Exercise instructions: Pictures excluded, please retype exactly the lines from the start of the data through the line that contains "Going back almost", both ends kept, and nothing beyond them.

Dataset content:
::::
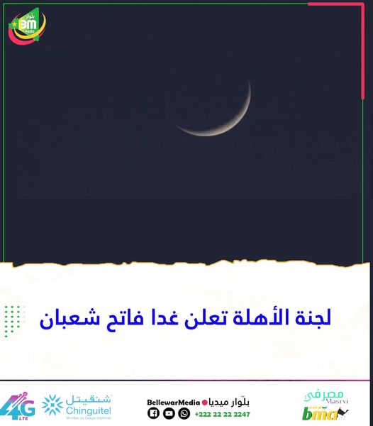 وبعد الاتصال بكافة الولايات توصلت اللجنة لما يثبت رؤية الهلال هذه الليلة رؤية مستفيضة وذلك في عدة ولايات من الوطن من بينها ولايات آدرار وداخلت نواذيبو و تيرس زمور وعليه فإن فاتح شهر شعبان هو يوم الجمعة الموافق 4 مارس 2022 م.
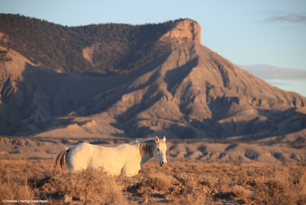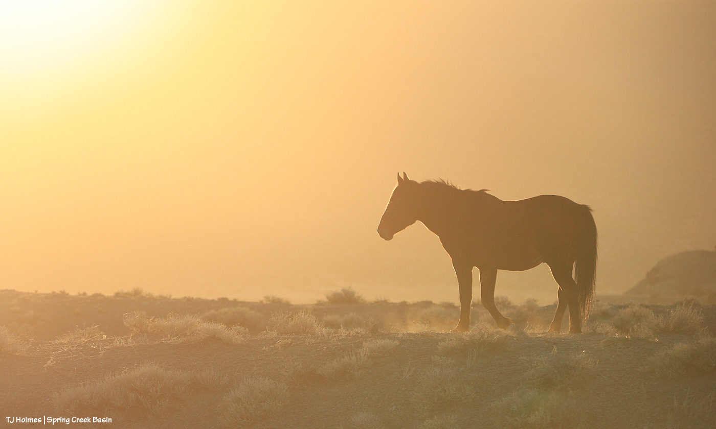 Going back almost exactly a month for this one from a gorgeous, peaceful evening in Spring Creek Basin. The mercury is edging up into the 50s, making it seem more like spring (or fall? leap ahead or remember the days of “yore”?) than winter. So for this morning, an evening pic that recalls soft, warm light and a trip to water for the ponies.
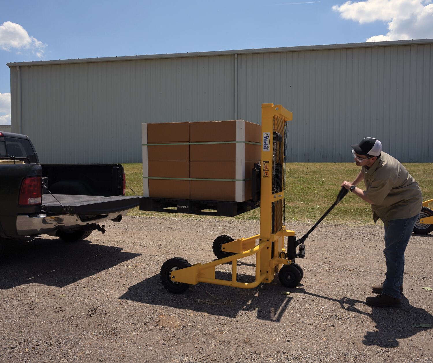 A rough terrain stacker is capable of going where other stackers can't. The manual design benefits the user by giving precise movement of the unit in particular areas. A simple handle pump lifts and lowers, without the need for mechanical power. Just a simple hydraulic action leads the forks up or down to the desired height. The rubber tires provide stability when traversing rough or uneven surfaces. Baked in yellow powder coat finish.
::::
Answer to the exercise:
 وبعد الاتصال بكافة الولايات توصلت اللجنة لما يثبت رؤية الهلال هذه الليلة رؤية مستفيضة وذلك في عدة ولايات من الوطن من بينها ولايات آدرار وداخلت نواذيبو و تيرس زمور وعليه فإن فاتح شهر شعبان هو يوم الجمعة الموافق 4 مارس 2022 م.
 Going back almost exactly a month for this one from a gorgeous, peaceful evening in Spring Creek Basin. The mercury is edging up into the 50s, making it seem more like spring (or fall? leap ahead or remember the days of “yore”?) than winter. So for this morning, an evening pic that recalls soft, warm light and a trip to water for the ponies.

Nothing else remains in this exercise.